Greek Art: Head of Poseidon (or Zeus) - Bronze sculpture, by Kalamis (480-460 BC) 5th cent. BC, found in the sea of Cape Artemision - National Archaeological Museum, Athens, Greece / © Luisa Ricciarini / Leemage / Bridgeman Images

 

What is the photo in the archive that was more difficult to shoot and why?

Surely the most difficult was not a single picture, but a service that I realized following the expedition of the great volcanologist Hauroun Tazieff ("Fire poet", as Jean Cocteau called him). It was 1967 or '68 on the occasion of one of the many eruptions of Etna. We left at night; the vulcanologists completely harnessed by fireproof suits; I too harnessed myself, but I needed eyes and hands free to take photos. To make it short, it was a very hot photographic experience to the point that I feared that the films melted. The good Kodak resisted ... and me too. My adventure companions were a Leica and a Zonica Bronica 6x6.

 

Manuscript ”De Bello Gallico, Comments on the War of the Gauls” by Jules Cesar (ms. 541) Blazon of humanist Niccolo Tranchedini, owner of the manuscript. 14th century Biblioteca Riccardiana Naples / © Luisa Ricciarini / Leemage / Bridgeman Images

 

Is there a photo of the archive you are particularly fond of?

This is the million dollar question. Instinctively I would say The Flagellation of Christ by Caravaggio in Capodimonte. But where to put that other spectacular Flagellation of Piero della Francesca in Urbino? But I will never forget the fainting effect that caused me to see the Deposition of Rosso Fiorentino in Volterra. Appropriately, in front of the big picture, there is a bench on which you can go into swoon without falling on the ground. I knew the work from books, of course, but finding yourself in front of it has a certain effect. The modern, exasperated, angry and painful trait of the characters took my heart. Not to mention the colours... And Matisse where do we put it? And Picasso? In short, I can't choose.

 

The Deposition, 1521, Rosso Fiorentino, Giovanni Battista (1494-1540) / Pinacoteca, Volterra, Italy / © Luisa Ricciarini / Leemage / Bridgeman Images


Today, how has the role of the photo agency changed since you started?
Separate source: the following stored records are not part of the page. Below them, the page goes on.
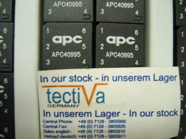 This component APC40995 from manufacturer APC with date code 98+ can be shipped directly from the Sonnenbuehl warehouse in Germany. Make an RFQ today - we are looking forward to offer you the component APC40995. Tectiva Germany is your partner for excess inventory, allocation parts EOL parts and special procurement of electronic components. Let's do it! Click here to request the APC40995. |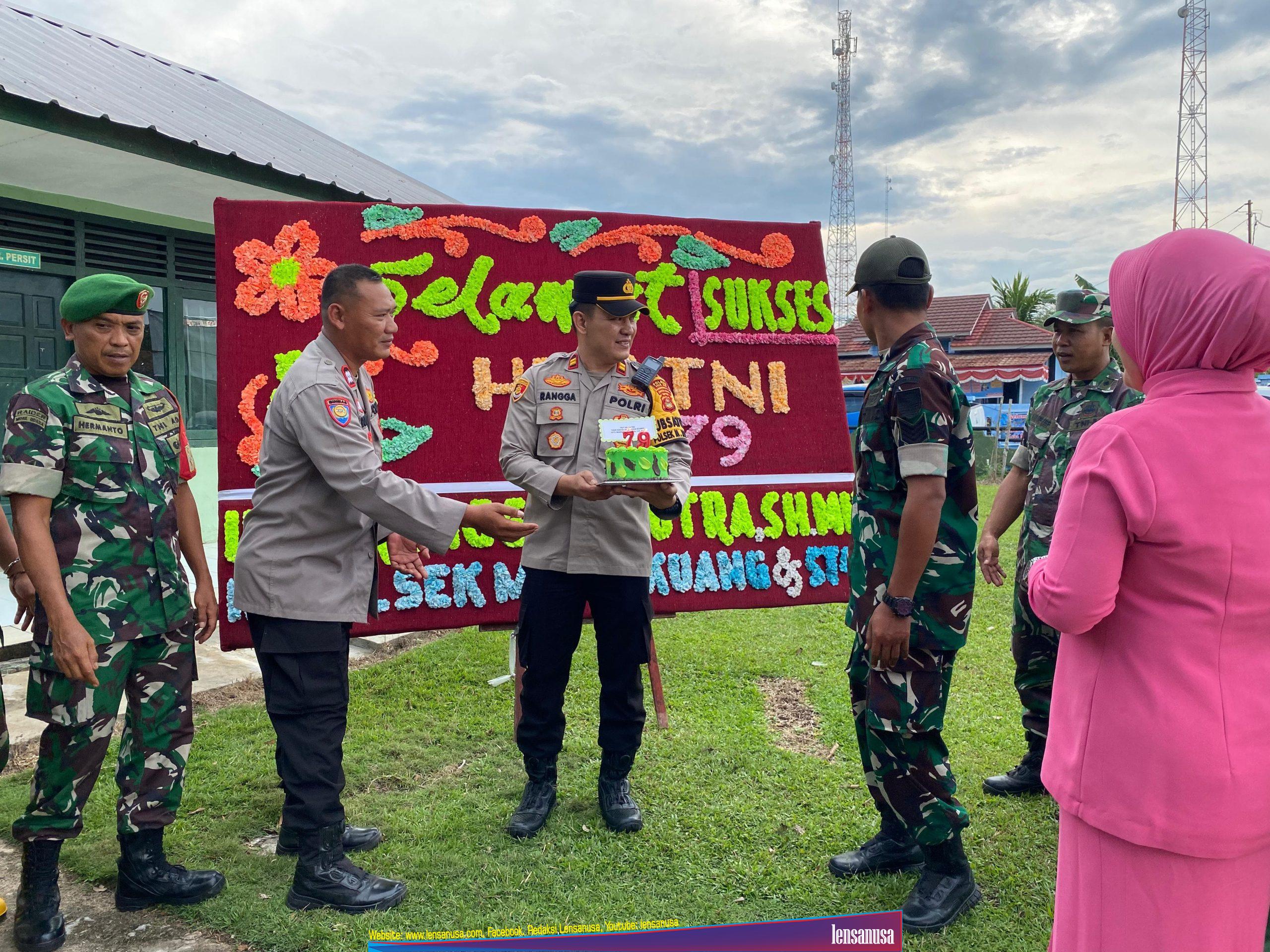 HUT ke-79 TNI, Kapolsek Muara Kuang Didampingi Ketua Bhayangkari dan Jajarannya Beri Kejutan ke Koramil 402-05 Muara Kuang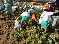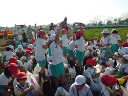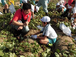 説明を聞いて早速いものつるをみんなで引っ張りました。たくさんの「かほっくり」が土の中から出てきて、子どもたちは大喜びでした。それぞれ抱えきれないほどたくさんのいもを持って帰りました。
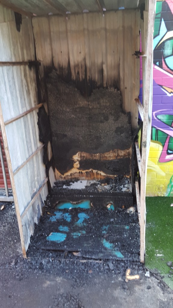 On one cold and windy August evening I saw a post on facebook that the little library was on fire. Perhaps a vandal, or someone seeking shelter from the winter winds had started a fire. It doesn’t matter…the library was badly damaged by fire.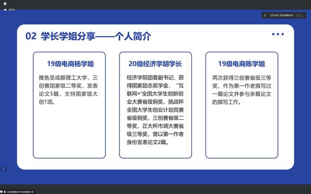 之后,2019级学姐杨雅麟、陈蕊,2020级学长胡剑波针对会议前搜集整理的九大赛事问题进行了一一解答。参会学生纷纷表示收获颇深。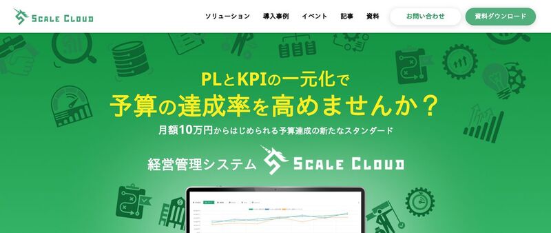 Scale Cloudは、株式会社Scale Cloudが提供する経営管理プラットフォームです。事業部のKPIと管理部のPLを有機的に結びつけ、結果指標と先行指標を同じ基盤で管理できる仕組みが訴求軸となっています。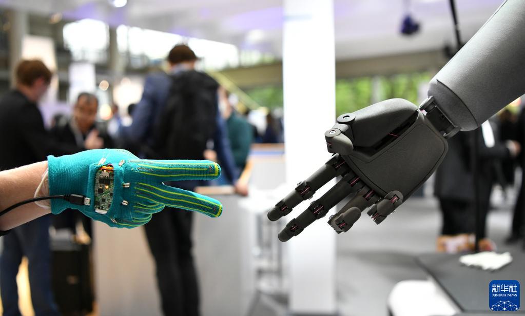 2022年5月30日,在德國漢諾威工業博覽會上,一款可感知人類手勢的智能機器人(右)與觀眾互動。受新冠疫情影響中斷兩年線下活動后,漢諾威工業博覽會2022年恢復線下舉行。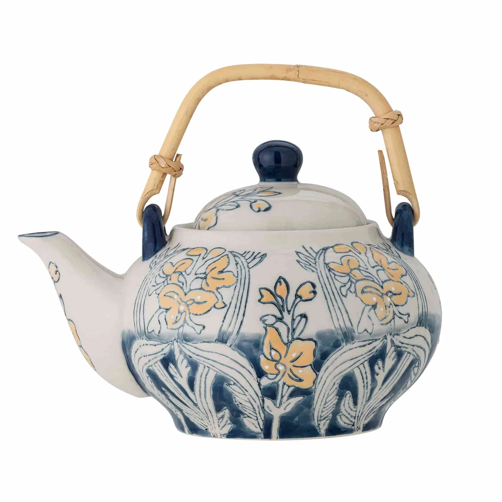 The Myah teapot has a rounded body and elegant pouring spout. It features a hand-painted floral motif in blue and pale orange. The colours are eye-catching but understated – perfect for modern homes.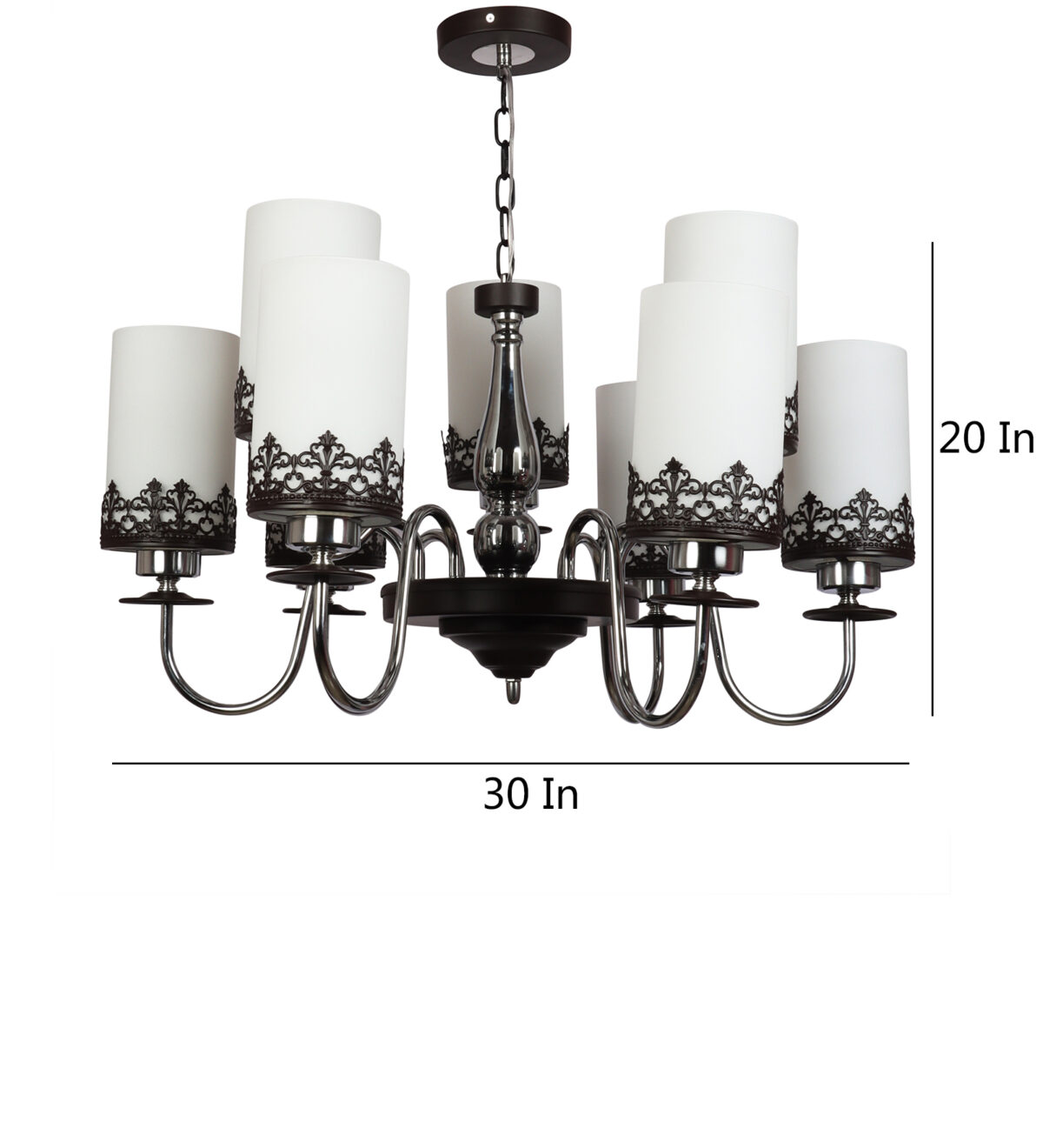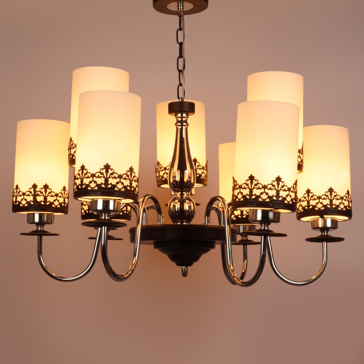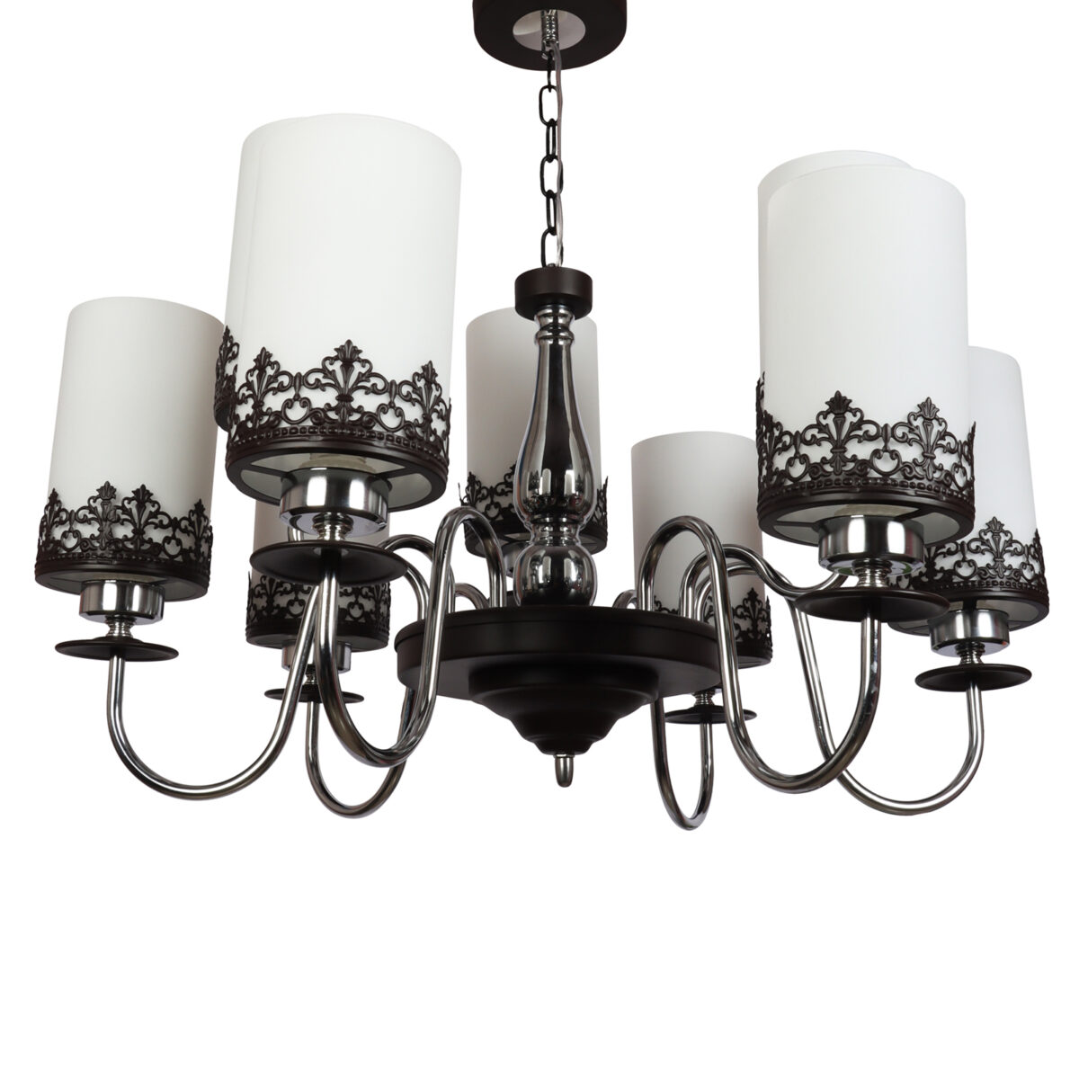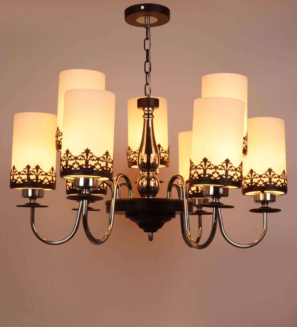 Dark brown (wood) finish, round culinderical white glass mounted on a designer frame made of mild steel having six lights. This is a hanging type chandelier in which the base cap is fixed to the ceiling with the help of straight clamp and screws. The suspension can be adjusted at time of installation to the desired height. It is maintenance free, it is easy to remove glass and wash them. Comes with an E27 holder, only the change of lamp is required, which is available locally everywhere. Application includes both residential and commercial premises wherever it matches with your interiors. Also available in six lights having code CH462-6. Matching wall light code WL2727, WL2728. Can be customized as per requirement in case of bulk quantities. LAMP NOT INCLUDED.

To put it in a nutshell: I miss the picture research. Perhaps everything is easier; the user chooses an image and you send the high definition. But it is really a lot less fun ...

 

Chimaera di Arezzo o la Chimaera ferita da Bellerofonte (particolare della testa) - Scultura in bronzo, arte etrusca, 380-360 a.C. - Museo Archeologico, Firenze, Italia / © Luisa Ricciarini / Leemage / Bridgeman Images

 

The images from the Luisa Ricciarini Photo Agency are now available via Bridgeman Images. Contact us for more information.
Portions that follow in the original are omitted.